The right of the Italian citizen to choose on this matter does not exist because, as angry and sarcastic on the pages of his blog on technology don Paolo Pedrini (creator of PRAYBOOK, an application for the sharing of prayer on Facebook), "the Parlamentino of Florence "was allowed to deliberate, but because a rich and authoritative legislation on the states for some time.
Although there is still a specific law in Italy (as is the United States since 1991, and in many European countries), there are rules national and international binding as well as an authoritative case law, which recognize the value of living wills.
Think first Article 32 of the Constitution, which states that "nobody can be forced to a particular health treatment under the provisions of law" and that "the law can in no case violate the limits imposed by respect for the person human. " This constitutional provision for all citizens constitute what lawyers call a "perfect law" means that applications do not need laws to be exercised.
Similarly, Article. 13 of the Constitution states that "personal freedom is inviolable", strengthening the recognition freedom and independence of the individual in his personal choices.
However, the problem arises - as demonstrated by the dramatic story of Eluana - in cases where for various reasons, the patient loses the ability to express their will to refuse certain treatments.
In those cases, however, regard the Charter of Fundamental Rights, under which the free and informed consent of the patient when the doctor is regarded as a fundamental right of citizen rights relating to the integrity of the person (Title 1, Dignity, Art. 3 Right to personal integrity) and the Convention on Human Rights and Biomedicine Oviedo of 1977, ratified by Law 145/2001, which stipulates in Article. 9 that "the previously expressed wishes about medical intervention by a patient who, at surgery, is unable to express their will, will be taken into consideration."
The new code of medical ethics adopted by the National Federation of Physicians and dentists, in addition, after noting that Article. 16 that "the physician must refrain obstinacy in diagnostic and therapeutic treatments from which we can not wait for a health benefit of the sick ...", art. 35 stipulates that "the physician should not take therapeutic activity without your consent and explicit informed patient ... In any case, in the presence of a documented refusal of a competent person who the physician should desist from acts of healing, there can be no medical treatment against the wishes of the person. "

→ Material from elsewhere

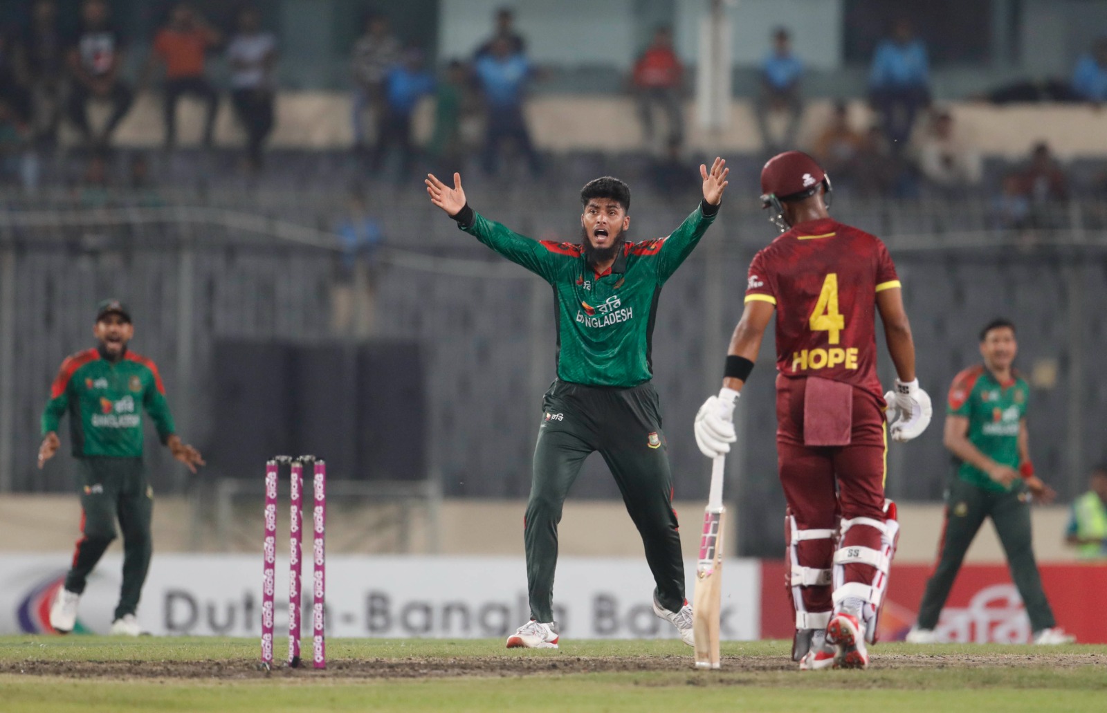 মিরপুর শেরেবাংলা স্টেডিয়ামে ওয়েস্ট ইন্ডিজের বিপক্ষে দারুণ এক জয় তুলে নিয়েছে বাংলাদেশ। ব্যাটে-বলে উজ্জ্বল ছিলেন তরুণ লেগস্পিনার রিশাদ হোসেন। তার ঘূর্ণি জাদুতে ৭৪ রানের বড় ব্যবধানে হার মানতে হয়েছে সফরকারীদের। রিশাদ একাই শিকার...

also art. 38 states that" the physician must follow ... at the freely expressed will of the person to heal. The doctor, if the patient is unable to express their wishes must be taken into account in their choices, as previously indicated by the same in a certain and documented. "
Finally, it is worth mentioning the recent decisions of the Court of n.21748 Cassation, the Court of Appeal of Milan No. 88 of 2008 and 334 of the Constitutional Court of 2008, its just for Englaro. The Court of Cassation, in particular, has attached great importance to the patient's wishes, saying that the legal representative acting in the interest of the incapacitated person and, once satisfied that the condition of vegetative state is irreversible, it must carry out the will could deducted from his personality, his lifestyle, its inclinations, its values \u200b\u200band its ethical beliefs, religious, cultural and philosophical.
I would say that there is sufficient basis in law and in law to inform and shape an ad hoc law also for our country. What is certain is that the City Council of Florence did not no forced or early legislator, has only established a registry for citizens wishing to use it with modesty and respect for the laws and rights.
By now, however, we have the paradox that a large part of Italian citizens and politicians that represent them think that what "I do not want to me" (fear, political thought, religious reasons) will not even need all others. And if they wanted instead, to prevent certain choices are transformed into crime! In short, if this effort continues, I'll find myself not believing in the afterlife for a penalty or policemen in the house?